Increased success rate of finding endogenous peptides in tissue samples

Beatrice Orback, Marcus Söderquist. Denator, Gothenburg, Sweden

Endogenous peptides are often present at low levels in vivo. Normal peptidase/protease control mechanisms continue after tissue excision and post-mortem proteolytic activity begins immediately, producing protein fragments (peptides) that can mask the endogenous peptides during analysis.
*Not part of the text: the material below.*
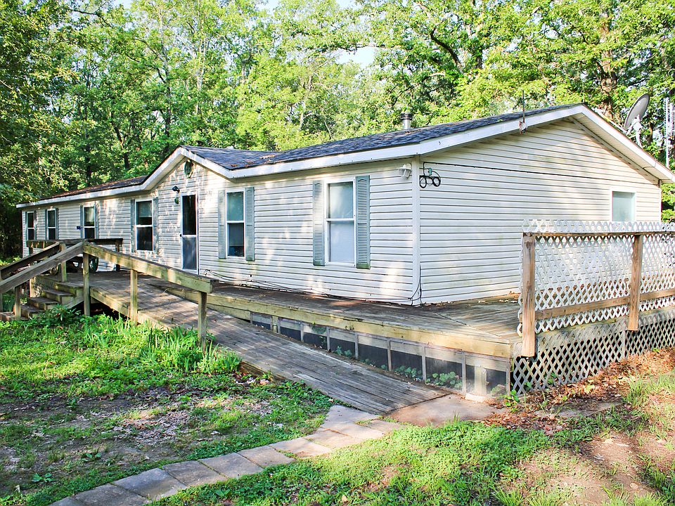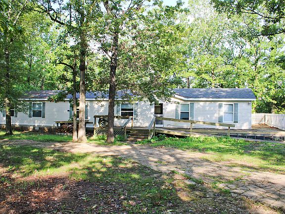 Great location close to Bull Shoals Lake on approximately 6.6 wooded acres. You can have beautiful views just by clearing trees. 4 Bedroom, 3 Bath Manufactured Home with decks, 2-car detached shop/garage and a well. Pretty yard with Lots of shade. Less than 8 miles to Lead Hill Marina. Peace and quiet in the Ozarks!!

Tissue preparation, extraction and isolation steps have been optimized to achieve high yields of non-degraded extracts in order to facilitate reproducible detection and measurement of endogenous peptides. The resulting protocol was developed using rapid heating to stabilize tissue samples from the moment of sampling (Stabilizor system, Denator), before homogenization, extraction and peptide isolation.

To determine the optimal conditions for peptide extraction, three different extraction/homogenization buffers were tested on tissue heat-stabilized at different time points after sampling. Homogenization intensity and duration were varied to investigate the possibility of inducing breakage of peptide bonds. Ultra-filtration filters with a 10 kDa cut-off limit from two suppliers were compared. Methods were optimized using mouse cortical tissue.

To determine the effect of heat stabilization on subsequent analysis, fresh brain tissue from Wistar rats was 1) snap frozen or 2) snap frozen and heat stabilized. After dissection, samples were homogenized and peptides extracted using a Stabilizor Peptide Extraction Kit (Denator). Peptides were analyzed using nano-LCMS and MS/MS and data analyzed using Progenesis LC-MS version 4.0 (Nonlinear Dynamics).

Several neuropeptides originating from precursors were identified in specific brain regions (hypothalamus and pituitary gland), but only in heat-stabilized samples. Further analysis revealed that other peptides from the same precursor appeared to be expressed similarly suggesting potential biological relevance.

Hundreds of unique peptides including several neuropeptides, originating from peptide- or hormone- containing precursors, have been identified in heat-stabilized samples. In standard snap-frozen samples, using the same extraction procedure, numerous protein fragments from degradation have been found.

In conclusion, heat stabilization of fresh or snap-frozen tissue significantly reduces sample complexity, minimizes the risk of false identification and avoids masking of endogenous peptides present at low levels in vivo.